Интересно, что на заре первого периода правления (1996 — 2001 годы) «Талибан»* приветствовали даже те афганцы, которые потом выступили против. Люди устали от войны, бандитизма и произвола полевых командиров, талибы* виделись им этакими «робин гудами» — пусть суровыми и крайне религиозными, но готовыми буквально босиком сражаться «за правду» и «наводить порядок». Конечно, у талибов* появились внутренние критики и оппоненты, но для большинства афганцев «Талибан»* — это воистину народное движение, и его члены — не какие-то страшные террористы, а простые бедные ребята из соседней деревни. В Афганистане рядовой талиб отличается от неталиба разве что наличием автомата или винтовки, всё остальное — от одежды до образования (а зачастую и его отсутствия) — у них одинаковое. Примечательно, что «Талибан»* породил талибанизм — процесс, при котором различные группы и движения стали подражать талибам*. В Афганистане сложилась особая исламистская субкультура — с характерной идеологией, жаргоном, символикой, пропагандой, почитаемыми фигурами и механизмами вербовки. Эта культура актуальна и поныне; она была отточена «Аль-Каидой»* (организация запрещена в РФ) и доведена до совершенства «Исламским государством»* (организация запрещена в РФ).

Свержение «Талибана»* в 2001 году не только катализировало талибанизм, но и привело к размытию структуры этой организации. Особенность всех афганских конфликтов — это децентрализованность афганской стороны. С данным феноменом сталкивались и Аманулла-хан, и британцы, и СССР, и американцы — договариваться не с кем, противник утекает, как вода сквозь пальцы, крестьяне при любой возможности хватаются за ножи и ружья и уходят на джихад, а потом, как ни в чем не бывало, возвращаются в свои деревни и снова изображают из себя «мирное население». Враг везде — и нигде, непонятно, как с ним сражаться либо вести переговоры. Централизация и объединение сулили афганцам поражение и смерть, а максимальная аморфность и разрозненность позволяли воевать десятилетиями. Отголоски этого слышны и сегодня — помноженные, к тому же, на отсутствие вертикали власти и тот факт, что талибы* до сих пор не контролируют всю территорию страны. Например, во время своих поездок по Афганистану я не раз попадала в ситуацию, когда документы, выданные в Кабуле, не признавались в провинциях, и мне приходилось получать их на местах заново.

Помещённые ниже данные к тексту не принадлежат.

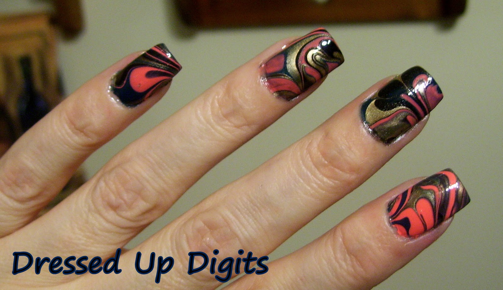 Hi Everyone! I've been toying with the idea for this water marble for awhile now. One of the gals at work was wearing a dress with black, gold, teal and coral and I thought wow these colors really look great together. I wanted to water marble a design like it. I just don't love this water marble! It had SO much potential but really fell flat for me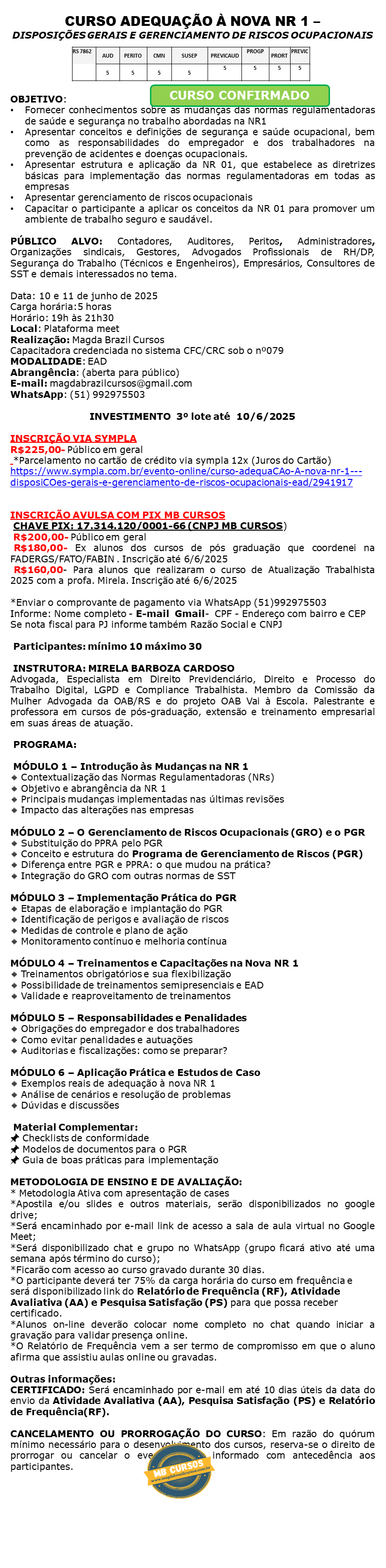 Cancelamentos de pedidos serão aceitos até 7 dias após a compra, desde que a solicitação seja enviada até 48 horas antes do início do evento.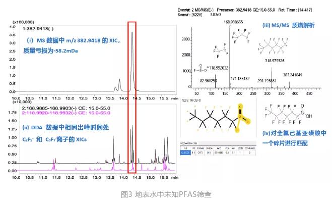 利用質量虧損過濾和特征碎片離子進一步篩查,發現(-)m/z 382.94179可能是一個未知PFAS:(i)匹配的質量虧損(-58.2 mDa),(ii)發現了C2F5-和C3F7-。采用分子式預測軟件,得到了高度匹配的分子式C6F13SO2H,質量誤差為+0.26 ppm,與MS/MS質譜中的碎片與C6F13-和FSO2-相匹配,推測該PFAS可能是全氟己基亞磺酸或其類似物(圖3)。

Талибы*. Иллюстрация: REUTERS / Stringer

Что до этнического пуштунского характера «Талибана»*, то следует помнить, что данная организация изначально состояла из пуштунов — причём не северных дуррани (абдали), а южных гильзаев. Сейчас талибы* — вероятно, ради признания международным сообществом — пытаются изобразить своё движение более инклюзивным. Но привлечение единичных «витринных» представителей нацменьшинств — например, узбеков — лишь подчёркивает доминирующую пуштунскую природу «Талибана»*. Кроме того, нельзя игнорировать многочисленные конфликты, которые веками сопутствуют контактам разных афганских пуштунских племён, а также пуштунов и других народов Афганистана — в первую очередь, хазарейцев, таджиков, нуристанцев. Никто не забыл ни рабство, ни резню. Американцы в какой-то мере позволили нацменьшинствам отыграться на пуштунах, отомстить им за многовековые зверства и угнетение, — но это не решает и без того сложные проблемы межнациональной коммуникации, а лишь усугубляет их.

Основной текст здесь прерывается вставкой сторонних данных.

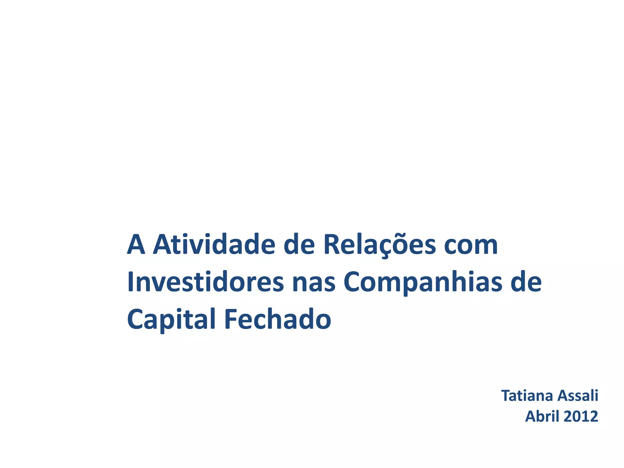 O documento discute como as atividades de relações com investidores podem ajudar companhias de capital fechado a atrair investidores. Ele explica que o RI pode montar uma base de dados padronizada, facilitar a apresentação dessas informações ao mercado, e manter a transparência dos dados financeiros e operacionais após a entrada de investidores. Isso beneficia tanto as empresas, que conseguem melhores apresentações, quanto os investidores, que recebem informações de qualidade.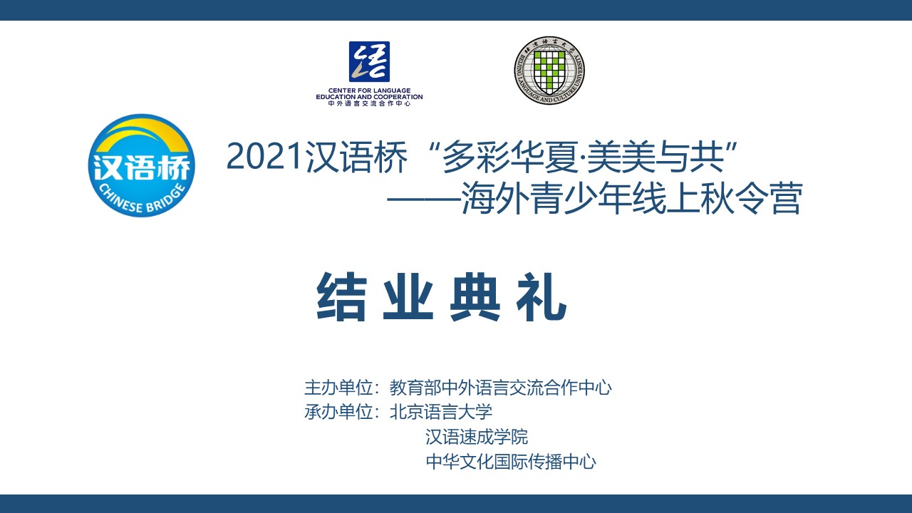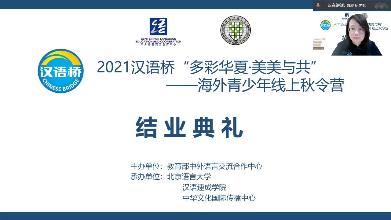 10月29日下午,为期10天的2021 汉语桥“多彩华夏,美美与共”海外青少年线上秋令营举行了隆重的线上结业典礼。本次秋令营由教育部中外语言交流合作中心主办,北京语言大学汉语速成学院和中华文化国际传播中心联合承办。北京语言大学汉语速成学院院长苏英霞、汉语速成学院和中华文化国际传播中心学术委员会副主任朱子仪、国际学生招生处处长周鑫、北京语言大学泰国代表处主任于美英、项目组教师,来自泰国和哈萨克斯坦相关院校和教育机构的领导及120余名师生相聚云端,参加了线上结业典礼。结业典礼由汉语速成学院“汉语桥”项目主管魏耕耘老师主持。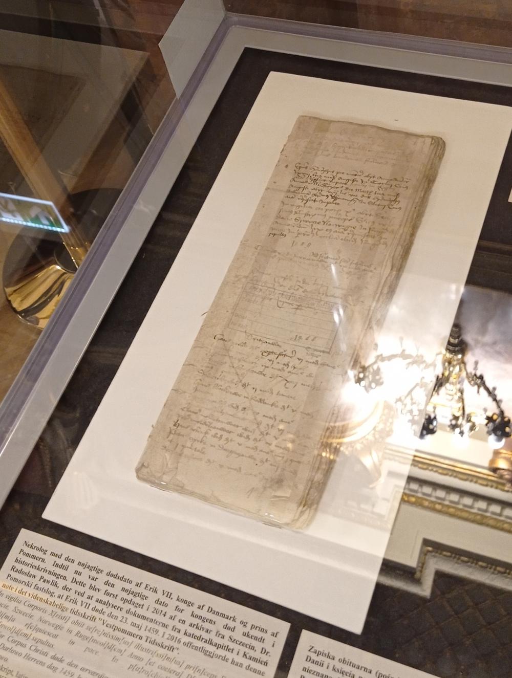 • zapiska obituarna (pośmiertna) zawierająca dokładną datę śmierci Eryka VII, króla Danii i księcia pomorskiego. Do 2014 roku dokładna data śmierci króla była nieznana, a ustalił ją dopiero szczeciński archiwista na podstawie analizy dokumentów Kapituły Katedralnej w Kamieniu Pomorskim – król Eryk VII zmarł 23 maja 1459 roku;

С трудноразрешимыми межнациональными вопросами связана и проблематика сугубо афганского либо панисламского позиционирования «Талибана»*. С одной стороны, талибы* подчёркивают, что не претендуют на завоевания и заинтересованы только в защите своей родины. С другой стороны — а что они понимают под своей родиной? Первое, что здесь вспоминается, — спорная «линия Дюранда», афгано-пакистанская граница, разделившая в XIX веке пуштунов Афганистана и Британской Индии. Этот болезненный фактор, а также потеря Пешавара и неоднозначные отношения с пакистанской стороной — как со своими тамошними сородичами, так и с официальным Исламабадом, — вовсе не способствуют стабильности в Афганистане.

Линия Дюранда. Иллюстрация: Военное обозрение

К тому же, с августа 2021 года у талибов* были пограничные конфликты со всеми соседями, кроме Китая, причём некоторые соседи старались лишний раз не злить Кабул. Периодически появляется информация, что талибы* грозятся поддержать уйгурский сепаратизм, если Пекин их не признает. Насколько этому можно верить — вопрос дискуссионный, но поклонников «Талибана»* хватает даже в Средней Азии, включая Узбекистан и Таджикистан, страны, откуда в Россию приезжают десятки тысяч мигрантов. Иными словами, мы можем получить однозначные сведения о панисламских устремлениях «Талибана»* — но в таких условиях, в которых мы не захотим оказаться.

— Территория современного Афганистана исторически является «магнитом» для завоевателей и внешних игроков от Александра Македонского до США, Китая и России. В то же время международное сообщество не спешит признавать талибов* легитимными властями Афганистана. Одновременно разные игроки стремятся установить те или иные контакты с движением. Мария Вячеславовна, каковы, на ваш взгляд, ключевые интересы внешних акторов в Афганистане? Какие страны играют наиболее активную роль?

— Территория современного Афганистана всегда привлекала внешних игроков, но никто из них не воспринимал Афганистан сам по себе как некую ценность. Бедная страна со сложным ландшафтом, погрязшая во внутренних распрях, не способная похвастаться богатыми урожаями и не имеющая выхода к морю, — в таком виде Афганистан мог лишь играть какую-то «подсобную» геополитическую роль. Например, завоеватели древности видели в нем коридор, через который шли в Индию.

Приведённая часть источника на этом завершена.